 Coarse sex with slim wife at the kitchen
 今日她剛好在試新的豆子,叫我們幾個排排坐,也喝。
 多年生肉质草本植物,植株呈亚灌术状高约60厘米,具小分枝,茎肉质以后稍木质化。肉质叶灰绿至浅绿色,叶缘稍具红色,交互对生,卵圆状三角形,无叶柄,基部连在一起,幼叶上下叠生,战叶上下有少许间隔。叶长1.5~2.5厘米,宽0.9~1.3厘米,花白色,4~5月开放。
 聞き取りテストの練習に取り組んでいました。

==

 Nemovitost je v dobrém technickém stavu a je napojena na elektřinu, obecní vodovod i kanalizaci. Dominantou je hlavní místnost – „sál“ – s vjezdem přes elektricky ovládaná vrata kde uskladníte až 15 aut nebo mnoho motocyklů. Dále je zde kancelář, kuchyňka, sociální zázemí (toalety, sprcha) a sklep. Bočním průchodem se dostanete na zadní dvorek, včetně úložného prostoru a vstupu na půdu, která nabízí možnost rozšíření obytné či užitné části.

* _PROBLEM REQUIREMENTS_:
Would you retype the lines above from the one with "今日她剛好在試新的豆子,叫我們幾個排排坐,也喝。" down to the one with "聞き取りテストの練習に取り組んでいました。", word for word, both ends included and no other lines?

* _YOUR SOLUTION_:
 今日她剛好在試新的豆子,叫我們幾個排排坐,也喝。
 多年生肉质草本植物,植株呈亚灌术状高约60厘米,具小分枝,茎肉质以后稍木质化。肉质叶灰绿至浅绿色,叶缘稍具红色,交互对生,卵圆状三角形,无叶柄,基部连在一起,幼叶上下叠生,战叶上下有少许间隔。叶长1.5~2.5厘米,宽0.9~1.3厘米,花白色,4~5月开放。
 聞き取りテストの練習に取り組んでいました。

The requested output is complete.